Anders, Bodil, Cecilia, and David shall receive 4 oranges. In how many ways is this possible if Anders should have at least one?

Anders, Bodil, Cecilia, and David shall receive 4 oranges. In how many ways is this possible if Anders should have atleast one?

My solution:

How many solutions are there to

$$x_{1} + x_{2} + x_{3} + x_{4} = 4$$

where

$$1 \leq x_{1}$$

$$0 \leq x_{2}$$

$$0 \leq x_{3}$$

$$0 \leq x_{4}$$

Substituting

$$y_{1} = x_{1} - 1$$

$$y_{2} = x_{2} - 0$$

$$y_{3} = x_{3} - 0$$

$$y_{4} = x_{4} - 0$$

satisfying

$$y_{1} + y_{2} + y_{3} + y_{4} = 3$$

$$y = (3,0,0,0) \rightarrow 4$$ $$y = (2,1,0,0) \rightarrow 12$$ $$y = (1,1,1,0) \rightarrow 4$$

My answer: 4 + 12 + 4 = 20 I'm basically trying to use the same method as "RMWGNE96" did here: How many solutions are there to $x_{1} + x_{2} + x_{3} + x_{4} = 15$

• Yes, that's right. – stuart stevenson May 24 at 18:11

Your solution is correct (and it is a very good way to solve the problem). As justification, let us compute the number of ways this can be done in a different way, just to double check.

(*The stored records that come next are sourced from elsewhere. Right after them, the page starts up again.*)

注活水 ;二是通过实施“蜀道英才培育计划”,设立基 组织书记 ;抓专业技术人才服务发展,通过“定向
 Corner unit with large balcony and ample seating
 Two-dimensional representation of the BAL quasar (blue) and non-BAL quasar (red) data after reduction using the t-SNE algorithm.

Anders has to have 1, 2, 3, or possibly 4 oranges. If he has 1 orange, the rest will share 3 oranges, and there are $$\binom{3+2}{2} = 10$$ ways to do this (a convenient way to count this is by a stars-and-bars type of argument). If Anders has 2 oranges, the other three share 2 oranges, and there are $$\binom{2+2}{2} = 6$$ ways to do this. Similarly if Anders has 3 oranges, then the others hare 1 orange, and there are $$\binom{1+2}{2} = 3$$ ways to do this. Finally there is precisely 1 way for Anders to have all the oranges.

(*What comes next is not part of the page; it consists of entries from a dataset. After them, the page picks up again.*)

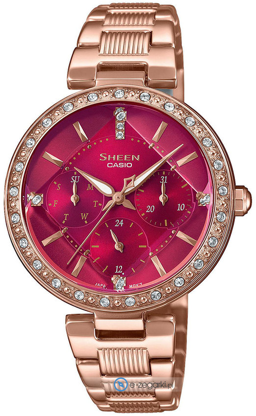 Zegarek damski SHE-3068PG-4BUER marki Casio to dobre połączenie funkcjonalności a także ciekawego designu. Model ten w gamie innych zegarków tego producenta występuje w serii Casio Sheen. Godzina przedstawiona jest w sposób analogowy co intuicyjnie pozwala ją odczytać. Koperta szeroka jest na 34 mm oraz ma grubość 10 mm - w kształcie okrągłym.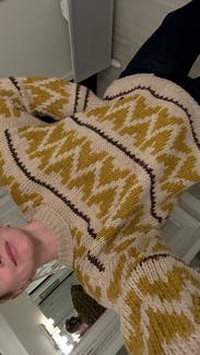Seam on the shoulders hit low which felt weird at first but didn’t affect the fit at all. I think it’s a cute sweater with fall boho colors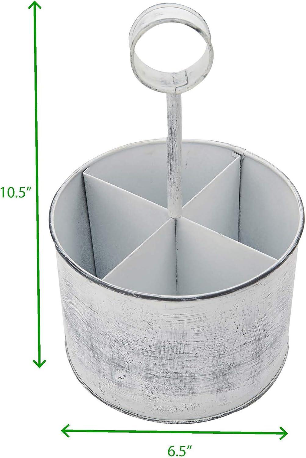 Mind Reader Utensil Holder, Silverware Organizer, Caddy, Cutlery Holder, Galvanized Metal, 7″ L x 7″ W x 9.25″ H, Silver(White Paint)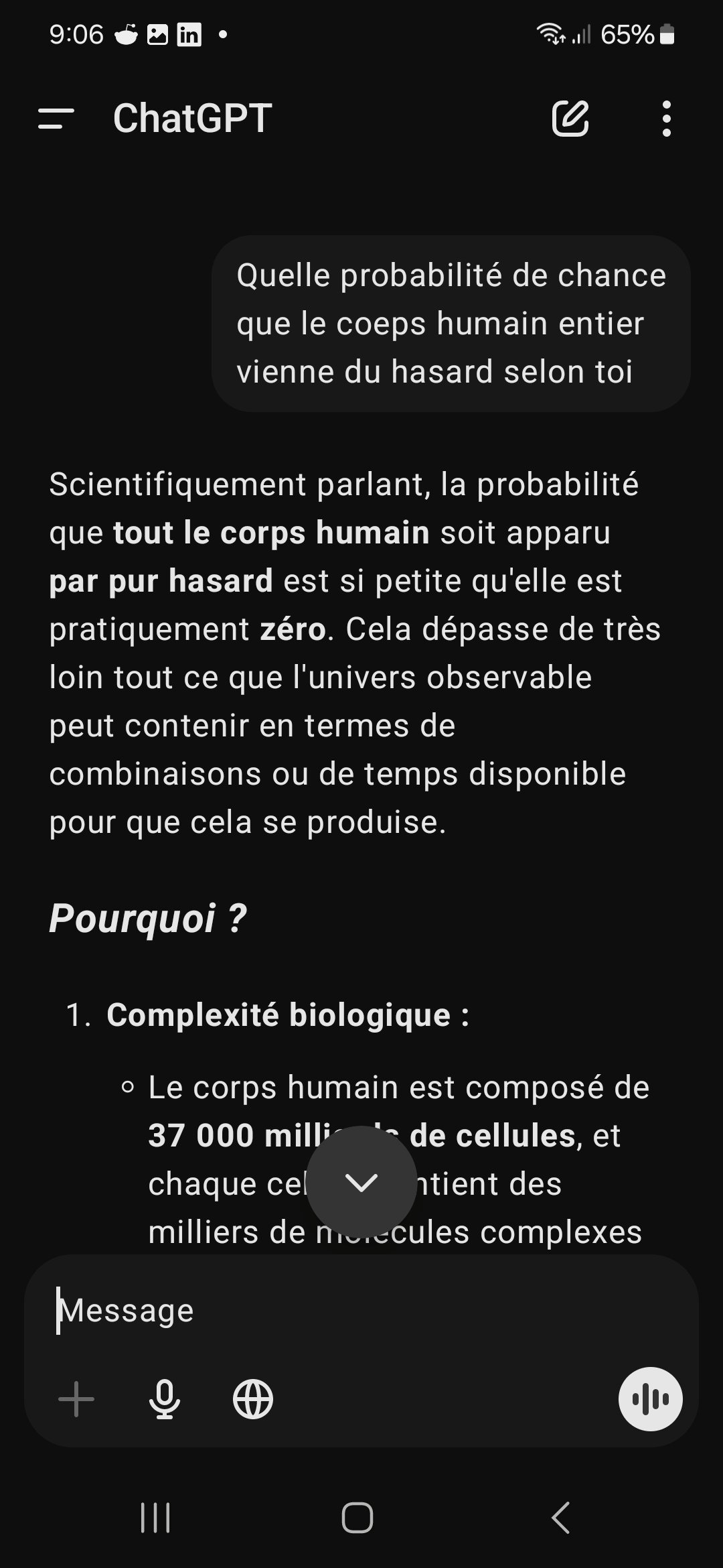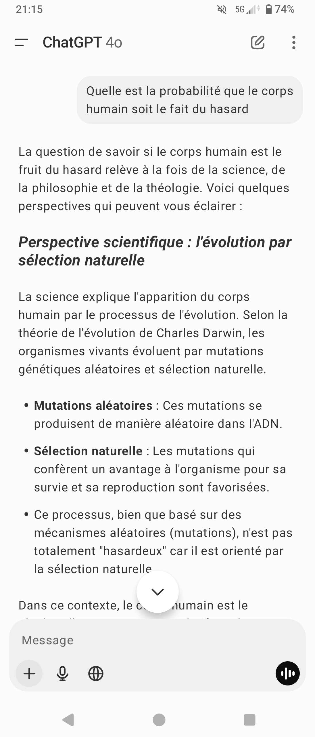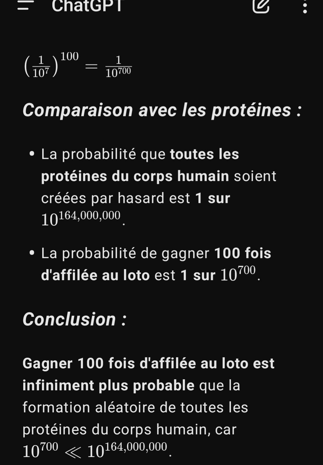 Le 23 décembre 2024 à 21:18:46 :Le 23 décembre 2024 à 21:15:44 : gagner 100 fois d'affilé au loto est infiniment plus probable que le corps humain soit venu au hasard , ahiBordelent t'arrives à foirer une conversation à un robot et finir dans ton biais de confirmation

Adding up, we get $$10 + 6 + 3 + 1 = 20$$ ways to hand out the oranges with Anders having at least 1.

Note: I don't mean to suggest you count them the way I did here---it's much more work, but it's a decent sanity check.

• Hmm okay my teacher for this problem the answer to 29? – Daniel Andersson May 24 at 18:29
• Then they made a mistake somewhere, or perhaps the question they worked isn't quite the question we're working. Maybe double check the question in the book/assignment? – tissuepaper May 24 at 18:34
• Further motivation, if you want: you can calculate the solutions to your equation $y_1 + y_2 + y_3 + y_4 = 3$ by stars-and-bars as $\binom{3+3}{3} = 20$ as well. You can calculate it with generating functions (something like $(x + x^2 + x^3 + x^4)(1 + x + x^2 + x^3 + x^4)^3$ and study the coefficient in front of $x^4$ after expanding)---again the answer is 20. – tissuepaper May 24 at 18:35
• Ok thanks well teachers are humans maybe he did something wrong. – Daniel Andersson May 24 at 18:37

If we ignore the restriction that Anders must receive at least one orange, the number of ways we could distribute the oranges is the number of solutions of the equation $$a + b + c + d = 4$$ in the nonnegative integers. A particular solution of this equation corresponds to the placement of three addition signs in a row of four ones. For instance, $$1 1 + 1 + 1 +$$ corresponds to the solution $$a = 2$$, $$b = 1$$, $$c = 1$$, $$d = 0$$, while $$1 + 1 + 1 + 1$$ corresponds to the solution $$a = b = c = d = 1$$. The number of such solutions is the number of ways we can place three addition signs in a row of four ones, which is $$\binom{4 + 4 - 1}{4 - 1} = \binom{7}{3} = 35$$ since we must choose which three of the seven positions required for four ones and three addition signs will be filled with addition signs.
From these, we subtract the number of ways of distributing the four oranges so that Anders receives none, which is the number of solutions of the equation $$b + c + d = 4$$ in the nonnegative integers, which is $$\binom{4 + 3 - 1}{3 - 1} = \binom{6}{2} = 15$$ Hence, the number of ways the four oranges can be distributed to the four people if Anders receives at least one is $$\binom{7}{3} - \binom{6}{2} = 35 - 15 = 20$$ as you found.